The venue occupies a historic 17th-century building in a small medieval village and serves contemporary cuisine at the €€ price point, which suggests a relaxed but put-together approach. Think neat casual: no need for a tie or formal dress, but shorts and beachwear would feel out of place given the elegant setting described in the Michelin recognition. Lean towards what you'd wear to a good trattoria in a northern Italian town centre.
The kitchen sits at the crossover of Ligurian and Piedmontese cooking, which means the menu draws from two distinct regional traditions — expect both coastal influences and richer, land-based preparations from Piedmont. It holds a 2025 Michelin Plate, signalling food quality above the everyday trattoria tier at a still-accessible €€ price. Book ahead, especially on weekends: this is the most recognised restaurant in a small town, and it fills accordingly.
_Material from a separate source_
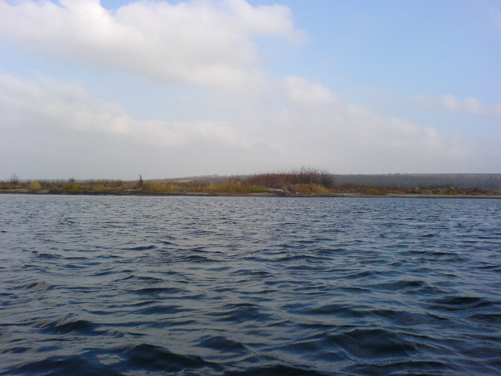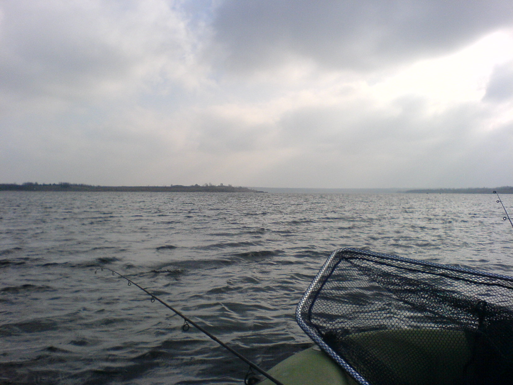В 4.00 мы на берегу, распаковываем, качаемся, вяжем снасти. Поход Сани на берег сопровождается воплем: "Мля, а где вода?" Бежим на сплав и наблюдаем картину маслом - вода отошла от берега местами более чем на 10 метров. Такой сброс произошел буквально в течение 2 суток и продолжался в ночь нашего приезда. Вода уходила прямо на глазах, пока мы отмечали, положенные 50 капель коньяка "с приехалом", вынесенные на припайную кромку лодки через 30 мин оказались на песке. Оптимизьма это не добавляло, но надежда умирает последней. Отзвонили криворожцы, они выехали в нашем направлении, рыбачить собрались у дамбы. Пожелал счастливого пути. Ожидая рассвета, строим коварные планы, куда и кто пойдет. Поделили, закупленного Саней живца. Теперь мы во всеоружии. Едва рассвело, первым не выдержал Мишка, он отчалил и покидывая 10 гр джиг направился с песчаному острову. Саня никак не мог справиться с клапаном своей лодки, общими усилиями Васи и меня находим проблему - воздух пропускает отклеившееся (привет Китай) гнездо клапана. Саня остается на берегу клеить лодку. Мы с Васей плывем на его любимое место - в корчи. По пути наблюдаю, что вода очистилась и дно просматривается даже на 3 метрах глубины, что также вызывается смутные сомнения. Окончательно рассвело. Большой привет Гисметео, вместо солнца небо плотно закутано облаками, которые раздуло только к обеду, ветер не тот, да и в процессе 3 раза менял направление и силу. Якоримся в корчах. Тут же замечаю поставленную вокруг сетку. Хозяин нашелся сразу, подгреб и начал ее выбирать. Пожелав ему "попутного" сказали выматываться и выгребать быстрее. Особо быстро у него не получалось, т.к. сетка была не менее 1 км и вода была очень холодной. В сетях было пусто. Решаю снарядить кружок, только пускаю его резвый живец влетает в корч, выудить его оттуда невозможно, обрыв. Желание ставить еще один отпало сразу, да и не мое это. Заброс за забросом обстреливаю корчи серебристым предателем-3 с черной спинкой на 10 гр джиге, результат ОП. Кольца заметно обмерзают, меняю приманки, глубину и темп проводки, но щука не реагирует, хотя и присутствия ее тоже наблюдается. Предпринял решительный поход на веслах через весь разлив на яму, показанную местными. Там запустил живцовку и перепробовал пол арсенала - ОП. Звоню Васе - у него "шнурок" на живца и 2 нереализованных поклевки. У Мишки - 0. Возвращаюсь в корчи к Васе, еще час хлещу воду спиннингом. Ветер заметно усилился и лодку начинает захлестывать, ухожу от него за песчаный остров, на любимые ямки. Но и там ОП не отпускает, наливаю ему пива и даю закурить с надеждой что он отстанет. Пройдя за островом выхожу на ветер, вижу Мишку, решаю идти к нему, упаковываюсь в резину, знаем мы все эти непромокайки, спиннинг в режиме дорожки, беру весла и пошел против ветра. При пересечении фарватера ОП зазевался, видимо пиво свою роль сыграло, четкий злой удар, подсечка на том конце шнура наконец-то кто заупирался, 30-40 сек борьбы и зачетная килушка шевелит шабрами в подсаке. Рыба все в пиявках и не пустая, взяла все тот же предатель-3 с черной спинкой. Дальнейшее исследование фарватера больше желающих клевать не выявило. У Мишки в активе один "шнурок" на джиг. Выплывший, наконец после заклейки Саня тут же на приямке ловит "шнурка", Мишка смещается ближе к нему по фарватеру. Я выгребаю на берег, здесь у меня свой интерес. Чуть

The venue data does not confirm whether a tasting menu is offered, so it would be worth checking directly when you book. What is confirmed is a Michelin Plate at the €€ price range, which already positions the kitchen as overdelivering for its tier. If a tasting format is available, the Ligurian-Piedmontese crossover repertoire — with dishes like rabbit terrine and suckling pig tomahawk cited in the Michelin recognition — gives it enough range to hold interest across multiple courses.
The venue data does not specify private dining or group capacity, so check the venue's official channels before planning a large booking. Given it occupies a historic 17th-century building in a small village and sits at the €€ price point, it is likely a mid-sized operation rather than a large-event venue. For groups of four to six, booking well ahead of weekends should be sufficient; for larger parties, confirm availability and any set menu requirements in advance.
Keep this venue in your Pearl passport, rate it after you visit, and track it alongside every other place you collect.